● **Information supplied**:
=== Begin Enclosure ===

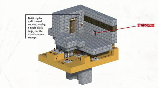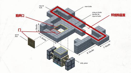 这个陷阱主要由三个装置组成,上层为房屋与一个绊线钩装置,下层为红石装置与粘性活塞装置。当入侵者即将进入房屋时,他们只需碰触到门口的绊线钩,隐藏陷阱就会开启,入侵者会直接掉入陷阱口,冒险家们可以瞬间将入侵者消灭于无形!
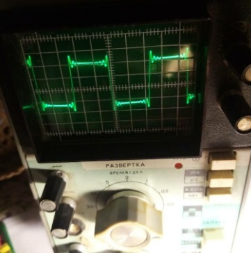 затем - ничего не меняя, переместил щупы осциллографа на сигнал с землёх входного сигнала на входе этой платы мощника ИМС. И снова сфотографировал экран осциллографа:
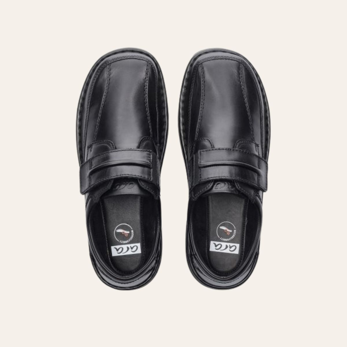 Den er fôret med mykt skinn for optimal komfort, og den ekstra brede K-lesten gir god plass og naturlig bevegelsesfrihet – ideell for deg med bredere føtter. For økt fleksibilitet har skoen avtakbar innersåle, som enkelt kan byttes ut med egne innleggssåler. Den praktiske borrelåslukkingen gjør skoen enkel å ta av og på, og gir samtidig godt feste og et gjennomført design.
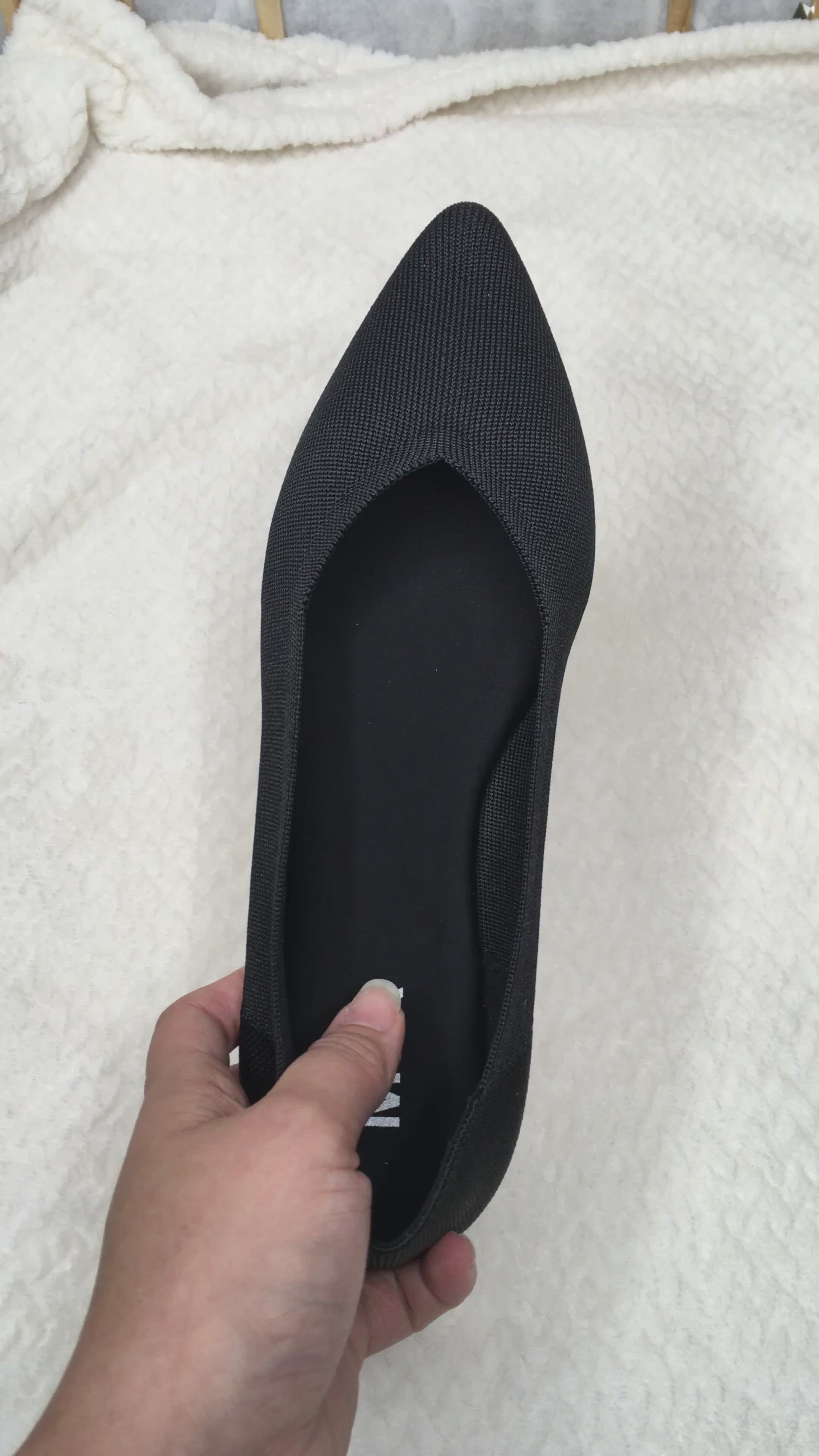 Step into comfort with this slip on knit pointy black flats. Cushioned insole and stretch knit fabric accommodates your foot for comfortability, style and versatility.

=== End Enclosure ===

● **What to work on**: A word-for-word copy of the lines from the start of the listing through the line containing "затем - ничего" is the answer. Pictures stay out of it.

● **Answer for this exercise**:
 这个陷阱主要由三个装置组成,上层为房屋与一个绊线钩装置,下层为红石装置与粘性活塞装置。当入侵者即将进入房屋时,他们只需碰触到门口的绊线钩,隐藏陷阱就会开启,入侵者会直接掉入陷阱口,冒险家们可以瞬间将入侵者消灭于无形!
 затем - ничего не меняя, переместил щупы осциллографа на сигнал с землёх входного сигнала на входе этой платы мощника ИМС. И снова сфотографировал экран осциллографа:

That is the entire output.